A multi part centralizer can be secured quickly to tubular to be cemented and expanded in a deviated wellbore. The segments ratchet with respect to each other and are capable of holding the centralizer snug against the tubular for delivery downhole and cementing. After cementing the expansion of the tubular is not significantly resisted by the centralizer as its diameter increases with the expanded tubular below it. The end position after expansion is held due to the ratchet feature insuring the fixation of the centralizer as the cement sets.

Patent
   7624798
Priority
May 27 2005
Filed
May 22 2006
Issued
Dec 01 2009
Expiry
Jan 02 2027
Extension
225 days
Assg.orig
Entity
Large
6
52
EXPIRED
1. A centralizer for a tubular for downhole use, comprising:
a plurality of connected elements capable of relative movement capable of remaining snug against a tubular during run in and growing with the tubular as it is expanded to remain snug against the tubular during expansion of the tubular;
said elements ratchet with respect to each other;
a pair of said elements on opposed ends engage each other to close around the tubular;
one of said elements comprises a closure tab to allow unrestricted relative movement between said pair of elements in a first position.
2. The centralizer of claim 1, wherein:
said connected elements are capable of closure once placed on the tubular.
3. The centralizer of claim 1, wherein:
said closure tab movable into a second position wherein relative movement between said pair of elements is regulated.
4. The centralizer of claim 3, wherein:
said closure tab comprises a part of a ratchet assembly in said second position.
5. The centralizer of claim 4, wherein:
all remaining elements are connected by a ratchet connection for relative movement between them.
6. The centralizer of claim 4, wherein:
at least one other pair of said elements is connected by a ratchet to allow relative movement between them.
7. The centralizer of claim 1, wherein:
said ratchet allows dimensional growth of said elements with respect to each other as the tubular expands to keep said elements snug to the tubular.

This application claims the benefit of U.S. Provisional Application No. 60/685,682, filed on May 27, 2005.

The field of the invention is centralizers that are used in conjunction with tubulars that are to be expanded downhole.

Centralizers have been in use for a long time.

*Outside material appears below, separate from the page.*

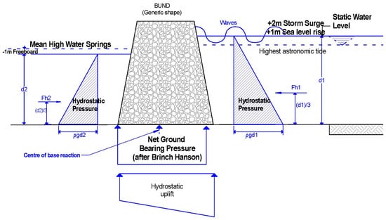 Uplift water pressure on the base of the bund is more nebulous. If the material below the base were very porous, then the hydrostatic pressures would govern, and there would be a flow of water from the sea to impoundment. This would not be permitted as it could undermine the foundation. If the foundation stratum is clay, or an impermeable barrier is installed, there will be little or no horizontal water flow. For the purposes of this paper, it is assumed that the distribution of uplift pressures is hydrostatic, as shown in Figure 8.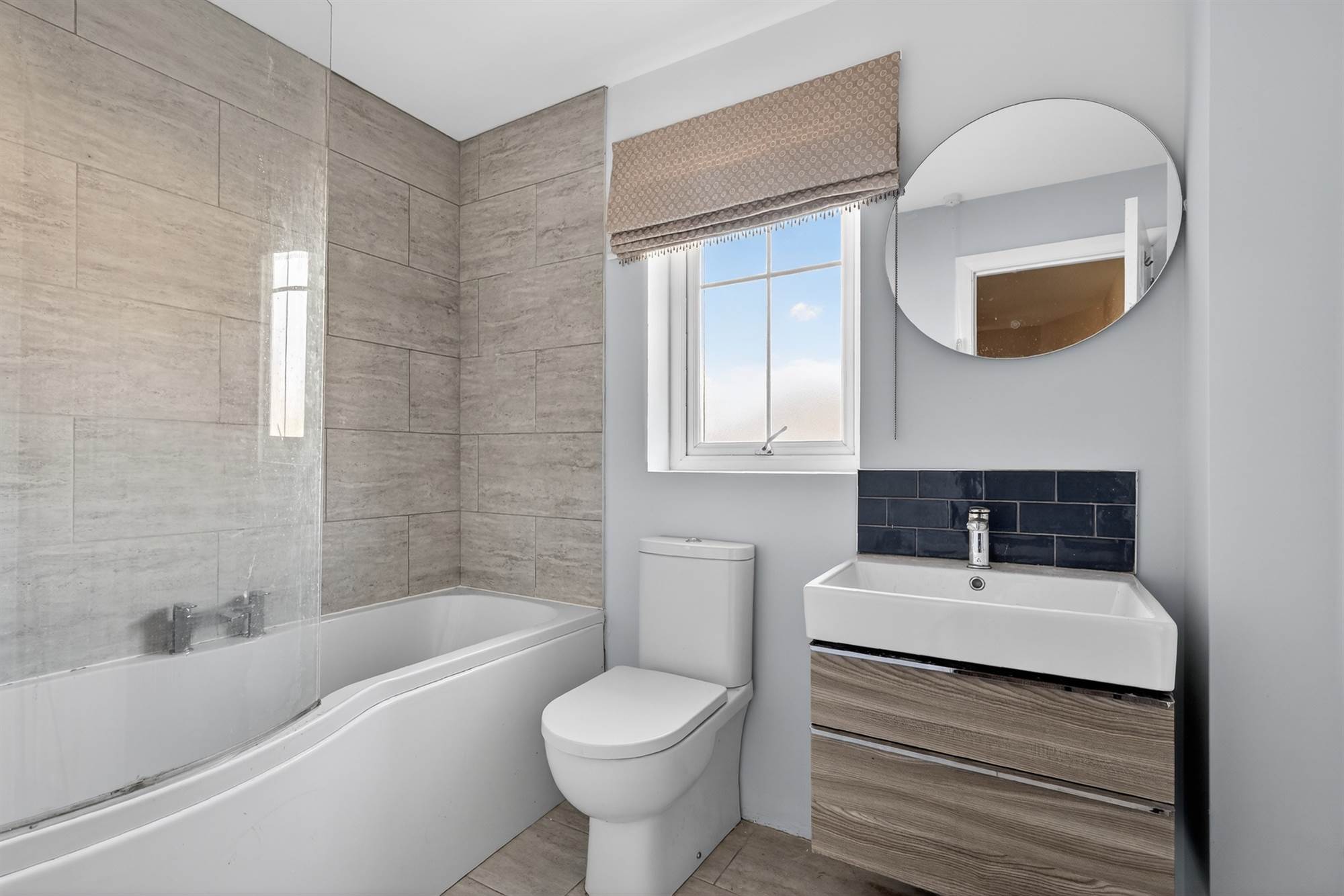 Modern white bathroom suite comprising panelled bath with mixer tap and shower, tiled surround, wash hand basin with mixer tap, low level drawers, tiled splashback, low flush wc, ceramic tiled floor, window.

As their name suggests they have been used to center a tubular in a borehole. Most commonly, centralizers are used to position casing in the borehole as the cement is delivered into the annular space around the outside of the casing to set up and seal the casing in the bore hole. Centralizers have also been used as guides for sucker rods in downhole pumps. The centralizers have been made of metal and non-metallic materials such as thermoplastic polyamides, glass and mineral filled nylons and poly-tetra fluoro ethylene, also known as Teflon and injection molded polyurethane. These centralizers were made in hinged segments that could be clamped onto a tubular and in some applications the centralizers were formed right on to or slipped over the rod or tubular. Illustrative examples of the variations in prior centralizers are shown in U.S. Pat. Nos. 4,483,395; 4,088,185; 3,963,075; 2,611,664; 5,908,072; 6,102,118; and 6,283,205.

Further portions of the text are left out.